• _Task requirements_:
Print back each record unchanged, without pictures.

• _Information supplied_:

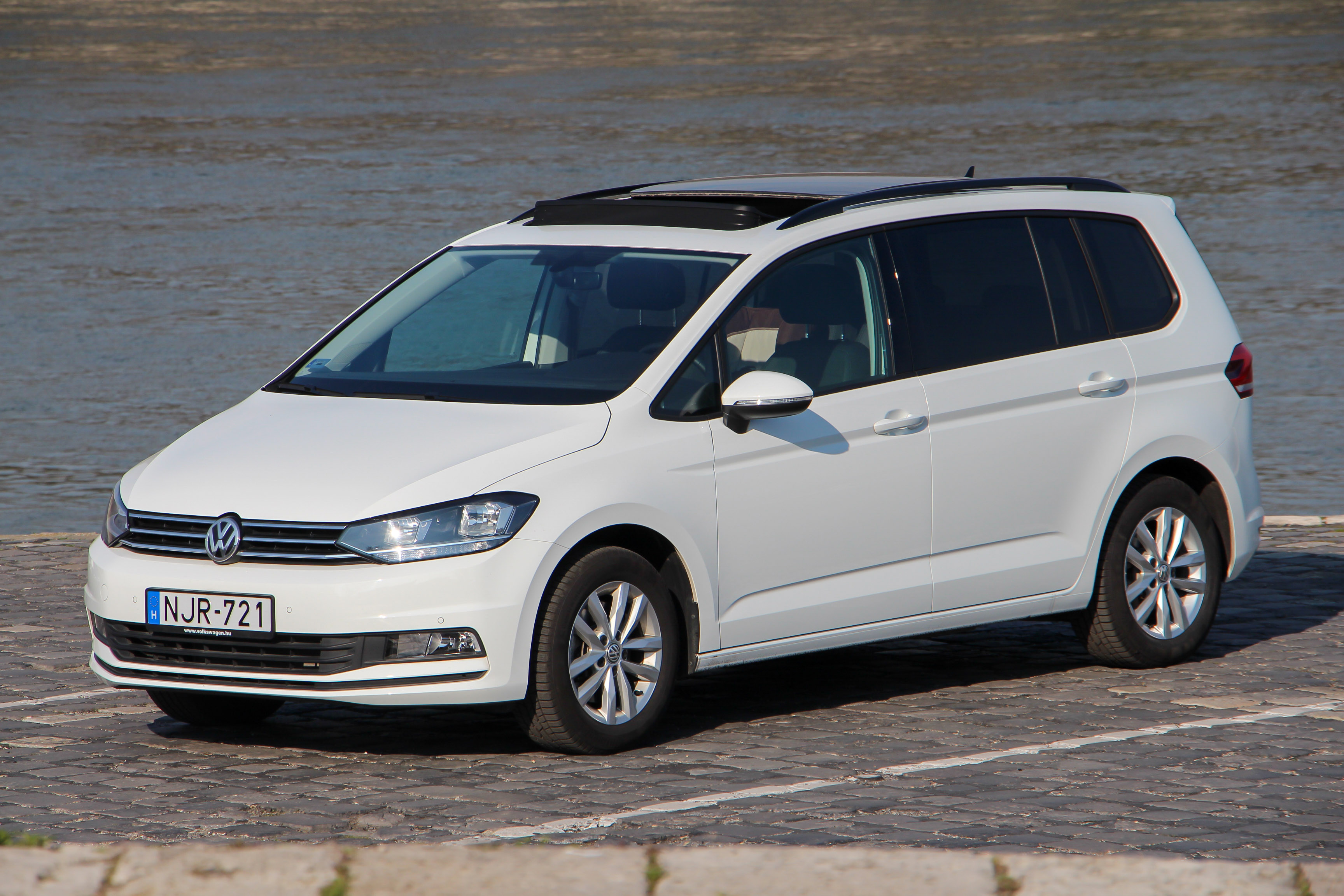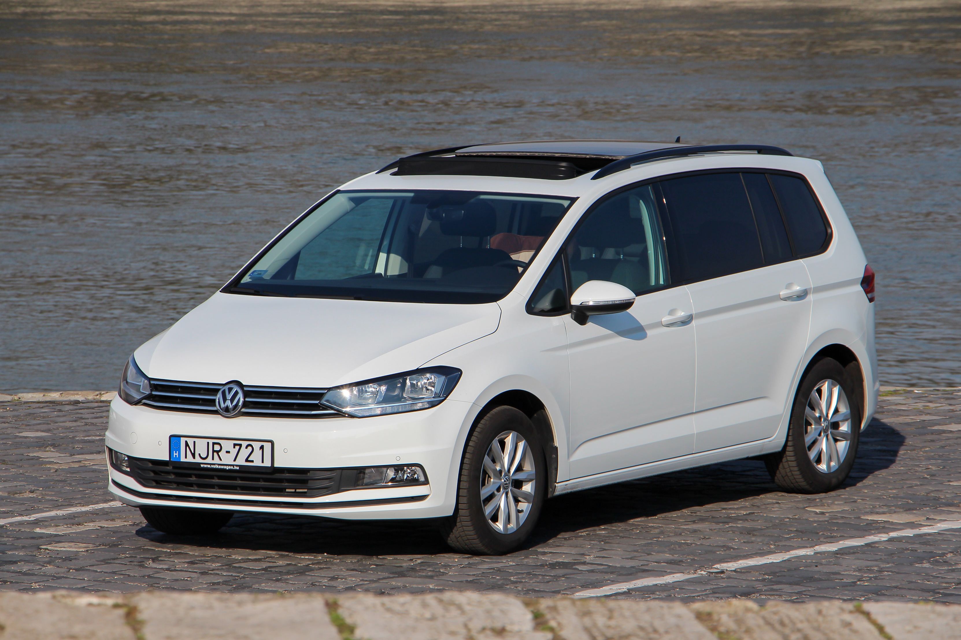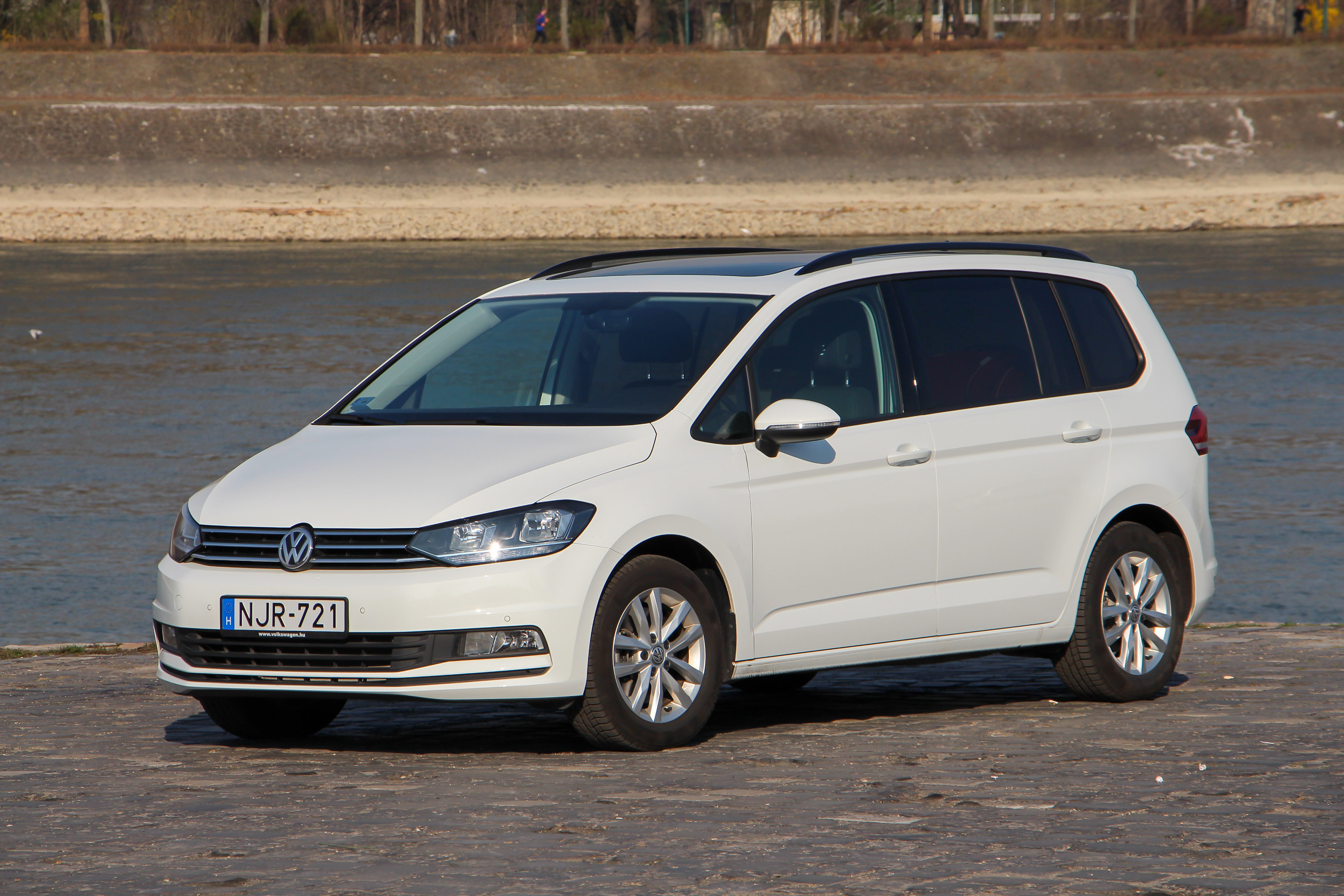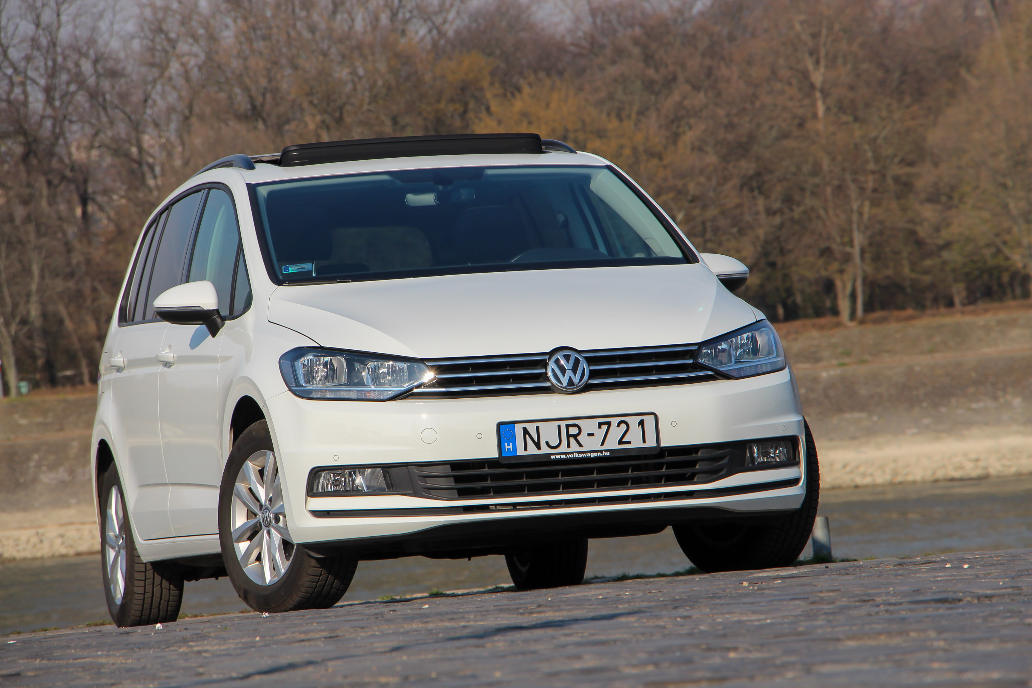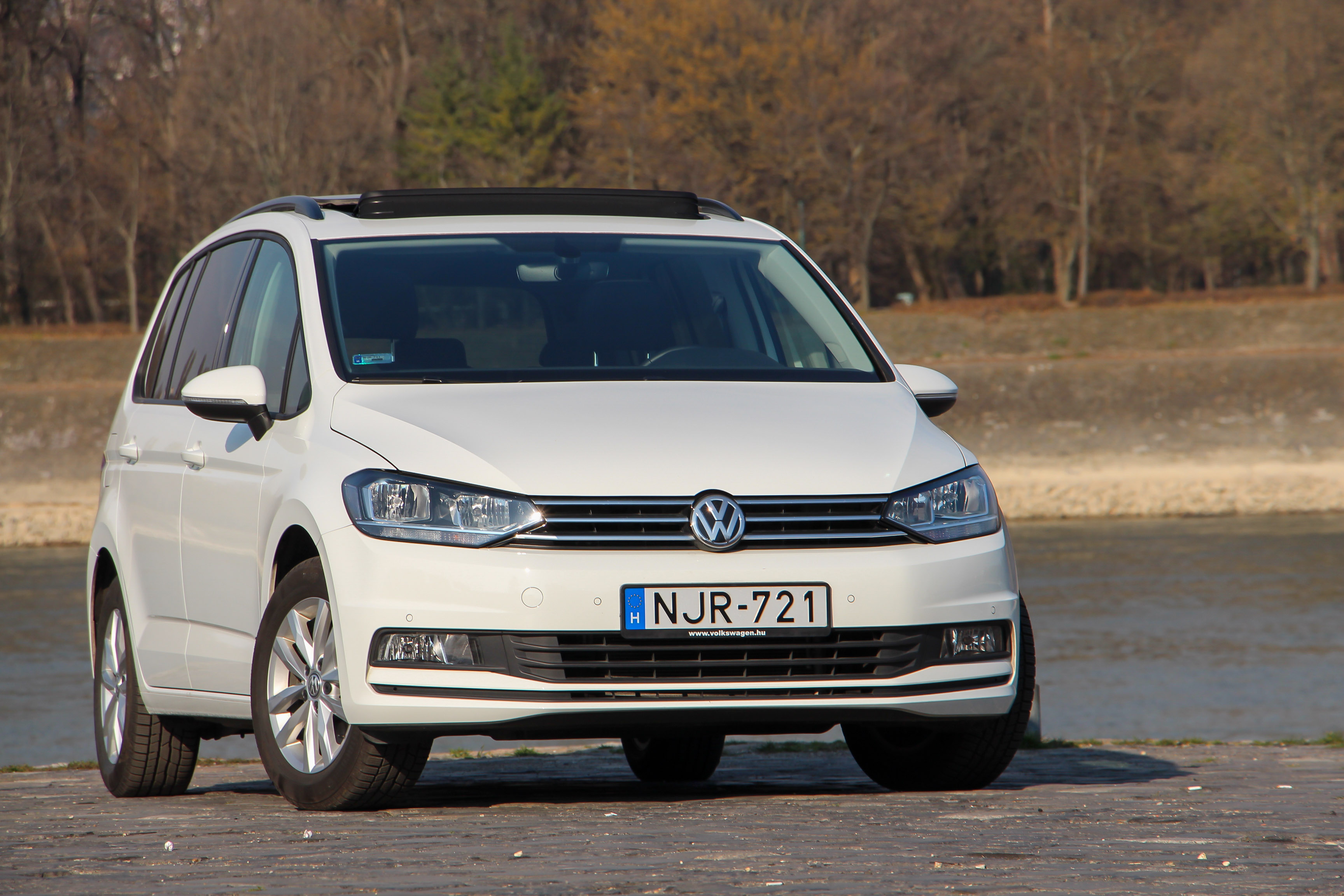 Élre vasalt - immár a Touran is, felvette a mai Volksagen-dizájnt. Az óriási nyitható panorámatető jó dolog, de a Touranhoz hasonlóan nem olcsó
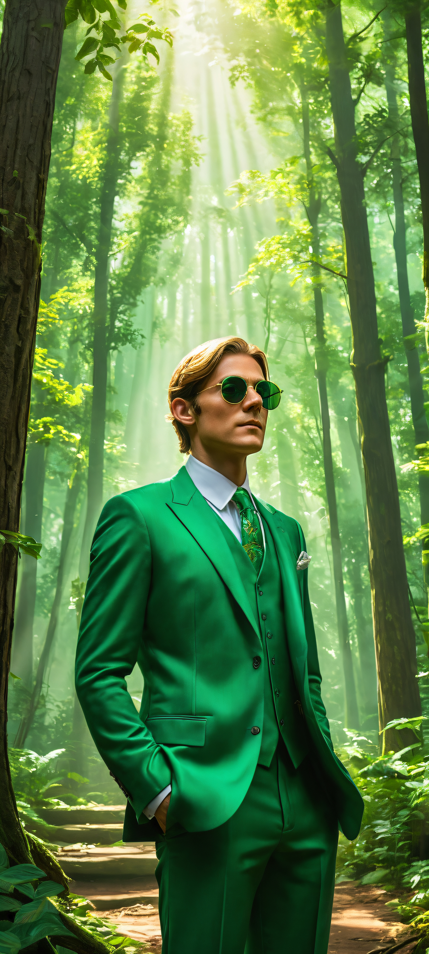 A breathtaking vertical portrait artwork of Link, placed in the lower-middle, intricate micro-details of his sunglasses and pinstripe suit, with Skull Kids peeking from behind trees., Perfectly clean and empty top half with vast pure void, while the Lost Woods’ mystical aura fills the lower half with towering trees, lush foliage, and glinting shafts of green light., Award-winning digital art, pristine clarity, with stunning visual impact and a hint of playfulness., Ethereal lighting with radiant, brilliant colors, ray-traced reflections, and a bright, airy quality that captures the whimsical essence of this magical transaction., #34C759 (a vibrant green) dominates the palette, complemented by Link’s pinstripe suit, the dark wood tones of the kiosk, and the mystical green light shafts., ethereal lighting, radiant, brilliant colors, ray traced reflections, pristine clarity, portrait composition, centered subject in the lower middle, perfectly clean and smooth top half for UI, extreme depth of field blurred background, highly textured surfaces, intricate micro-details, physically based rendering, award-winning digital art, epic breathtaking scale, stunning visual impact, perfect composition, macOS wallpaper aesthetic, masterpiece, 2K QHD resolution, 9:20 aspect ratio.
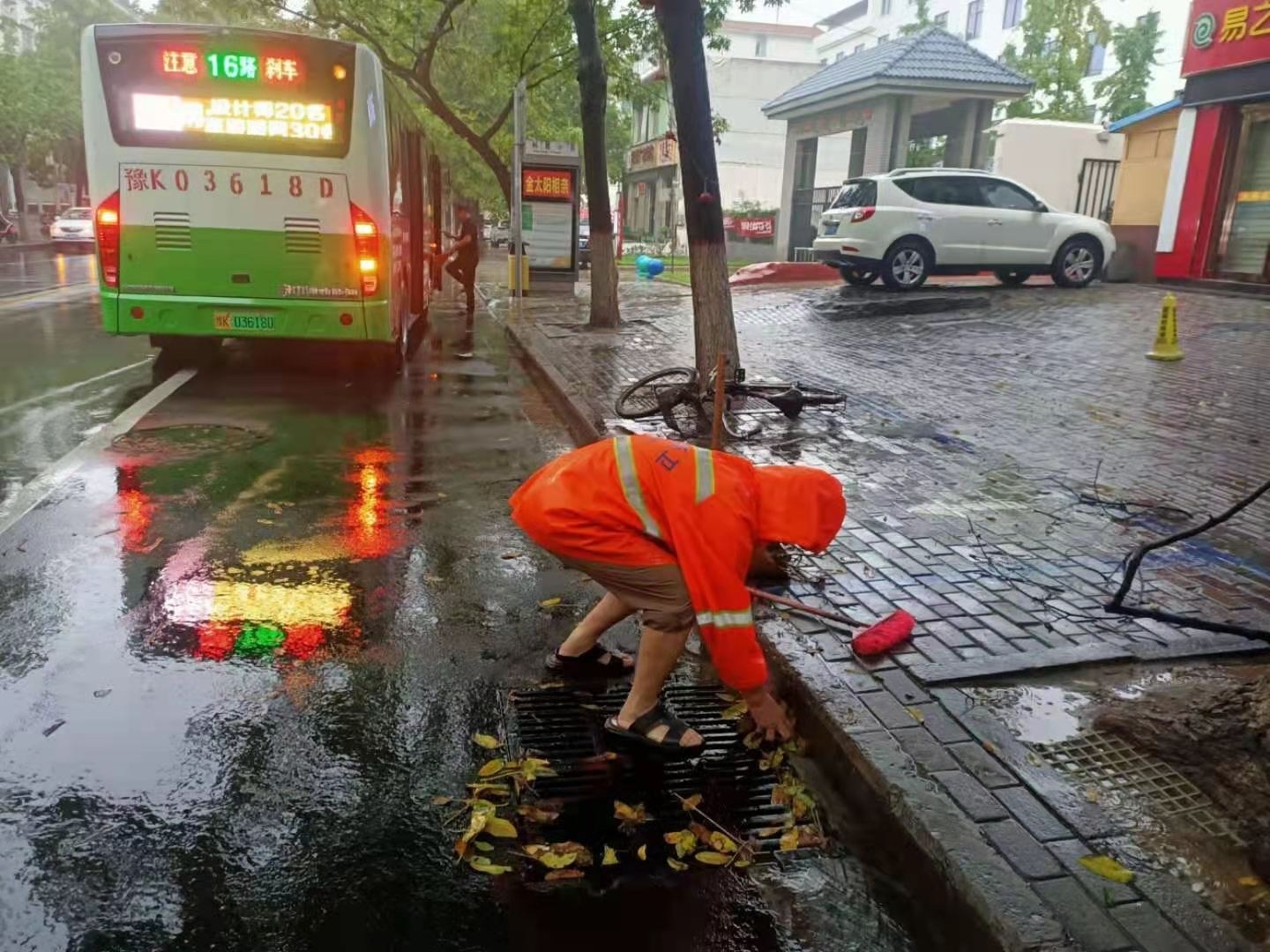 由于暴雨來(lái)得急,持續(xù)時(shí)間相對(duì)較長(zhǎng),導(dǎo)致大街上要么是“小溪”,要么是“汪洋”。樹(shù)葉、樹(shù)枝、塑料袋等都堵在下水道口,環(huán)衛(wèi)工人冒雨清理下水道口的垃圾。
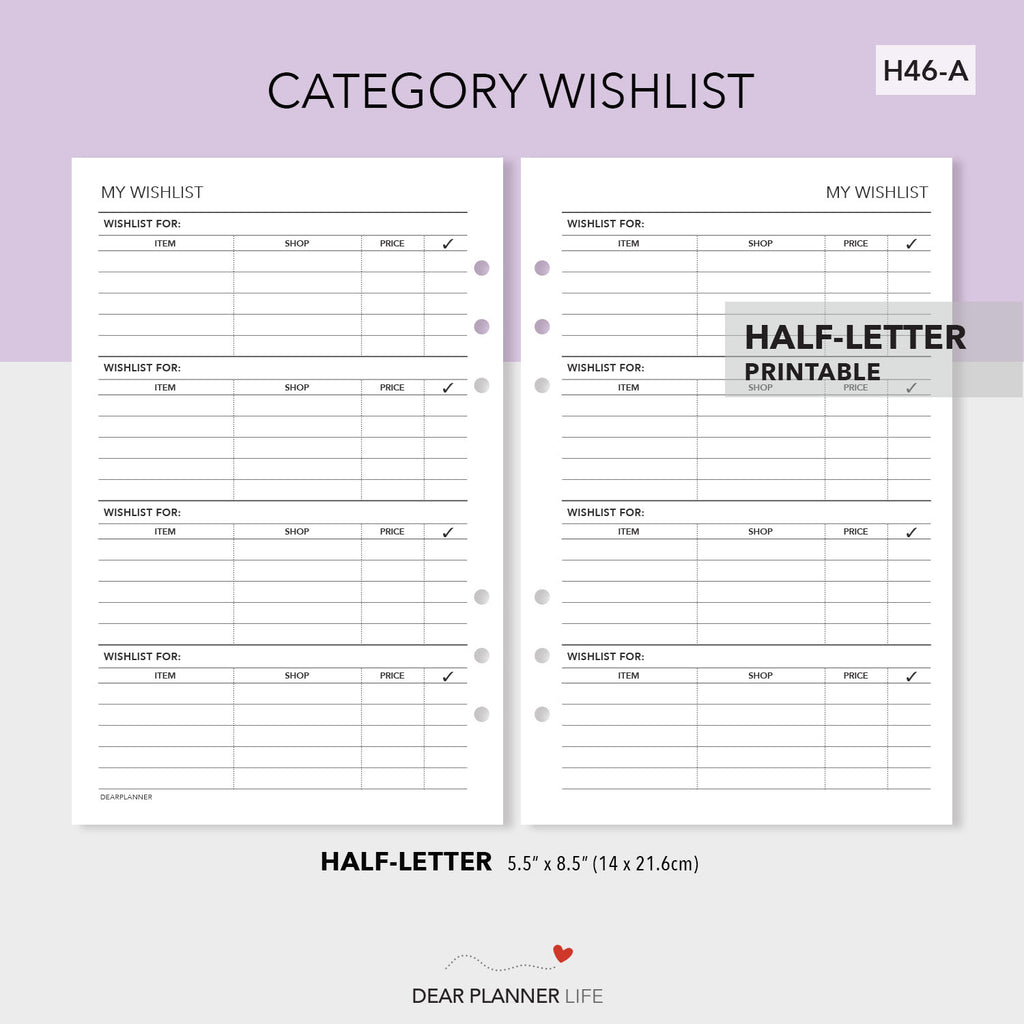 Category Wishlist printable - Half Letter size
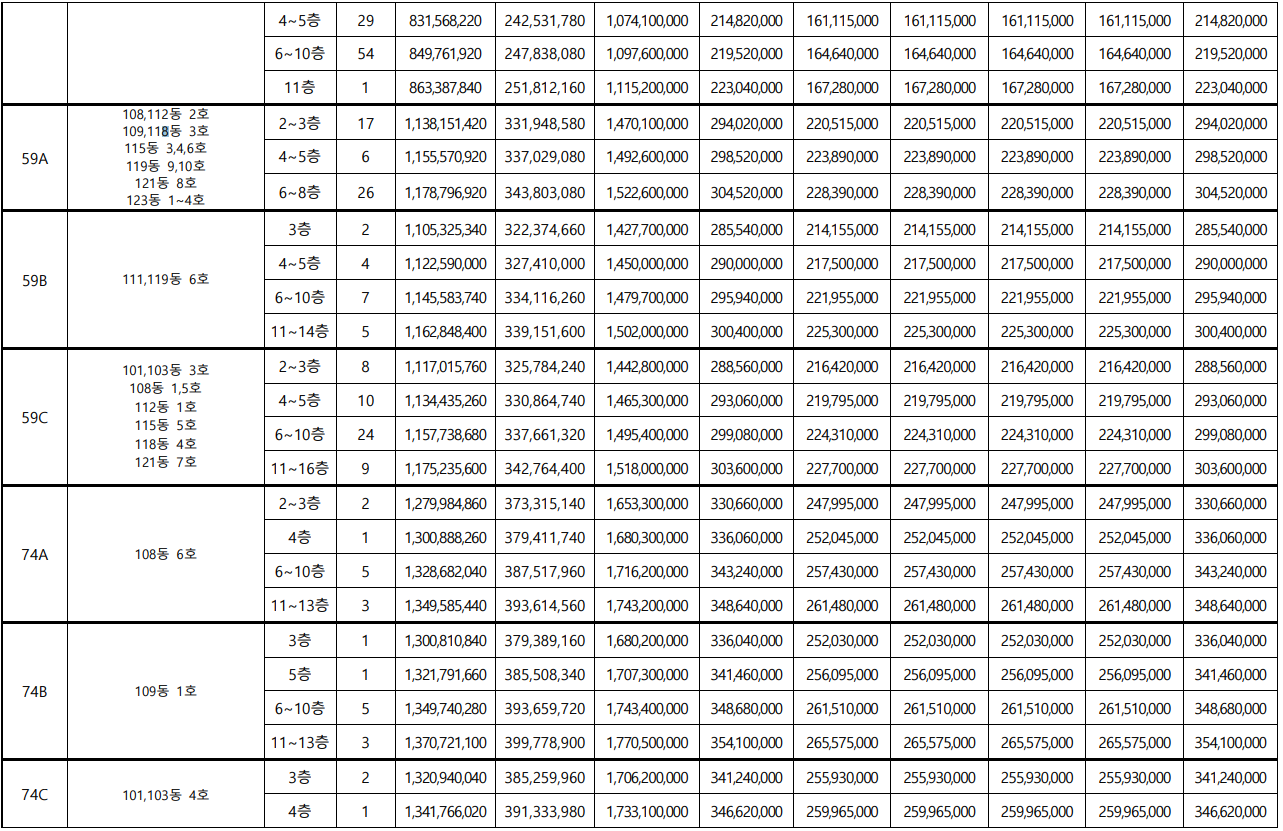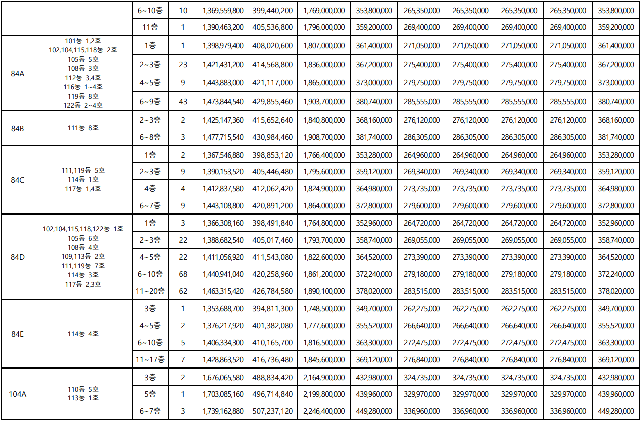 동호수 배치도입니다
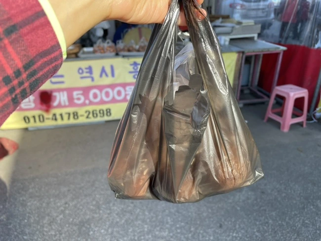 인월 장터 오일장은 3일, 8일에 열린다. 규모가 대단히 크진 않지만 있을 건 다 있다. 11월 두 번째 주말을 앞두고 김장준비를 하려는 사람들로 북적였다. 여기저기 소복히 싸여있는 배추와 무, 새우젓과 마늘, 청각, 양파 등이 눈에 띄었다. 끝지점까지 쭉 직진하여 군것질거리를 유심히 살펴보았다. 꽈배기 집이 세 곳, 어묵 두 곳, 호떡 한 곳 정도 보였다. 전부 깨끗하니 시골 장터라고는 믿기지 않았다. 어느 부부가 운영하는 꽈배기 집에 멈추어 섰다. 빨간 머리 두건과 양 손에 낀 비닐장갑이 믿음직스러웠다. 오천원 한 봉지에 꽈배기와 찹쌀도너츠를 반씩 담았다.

• _Exercise result_:
 Élre vasalt - immár a Touran is, felvette a mai Volksagen-dizájnt. Az óriási nyitható panorámatető jó dolog, de a Touranhoz hasonlóan nem olcsó
 A breathtaking vertical portrait artwork of Link, placed in the lower-middle, intricate micro-details of his sunglasses and pinstripe suit, with Skull Kids peeking from behind trees., Perfectly clean and empty top half with vast pure void, while the Lost Woods’ mystical aura fills the lower half with towering trees, lush foliage, and glinting shafts of green light., Award-winning digital art, pristine clarity, with stunning visual impact and a hint of playfulness., Ethereal lighting with radiant, brilliant colors, ray-traced reflections, and a bright, airy quality that captures the whimsical essence of this magical transaction., #34C759 (a vibrant green) dominates the palette, complemented by Link’s pinstripe suit, the dark wood tones of the kiosk, and the mystical green light shafts., ethereal lighting, radiant, brilliant colors, ray traced reflections, pristine clarity, portrait composition, centered subject in the lower middle, perfectly clean and smooth top half for UI, extreme depth of field blurred background, highly textured surfaces, intricate micro-details, physically based rendering, award-winning digital art, epic breathtaking scale, stunning visual impact, perfect composition, macOS wallpaper aesthetic, masterpiece, 2K QHD resolution, 9:20 aspect ratio.
 由于暴雨來(lái)得急,持續(xù)時(shí)間相對(duì)較長(zhǎng),導(dǎo)致大街上要么是“小溪”,要么是“汪洋”。樹(shù)葉、樹(shù)枝、塑料袋等都堵在下水道口,環(huán)衛(wèi)工人冒雨清理下水道口的垃圾。
 Category Wishlist printable - Half Letter size
 동호수 배치도입니다
 인월 장터 오일장은 3일, 8일에 열린다. 규모가 대단히 크진 않지만 있을 건 다 있다. 11월 두 번째 주말을 앞두고 김장준비를 하려는 사람들로 북적였다. 여기저기 소복히 싸여있는 배추와 무, 새우젓과 마늘, 청각, 양파 등이 눈에 띄었다. 끝지점까지 쭉 직진하여 군것질거리를 유심히 살펴보았다. 꽈배기 집이 세 곳, 어묵 두 곳, 호떡 한 곳 정도 보였다. 전부 깨끗하니 시골 장터라고는 믿기지 않았다. 어느 부부가 운영하는 꽈배기 집에 멈추어 섰다. 빨간 머리 두건과 양 손에 낀 비닐장갑이 믿음직스러웠다. 오천원 한 봉지에 꽈배기와 찹쌀도너츠를 반씩 담았다.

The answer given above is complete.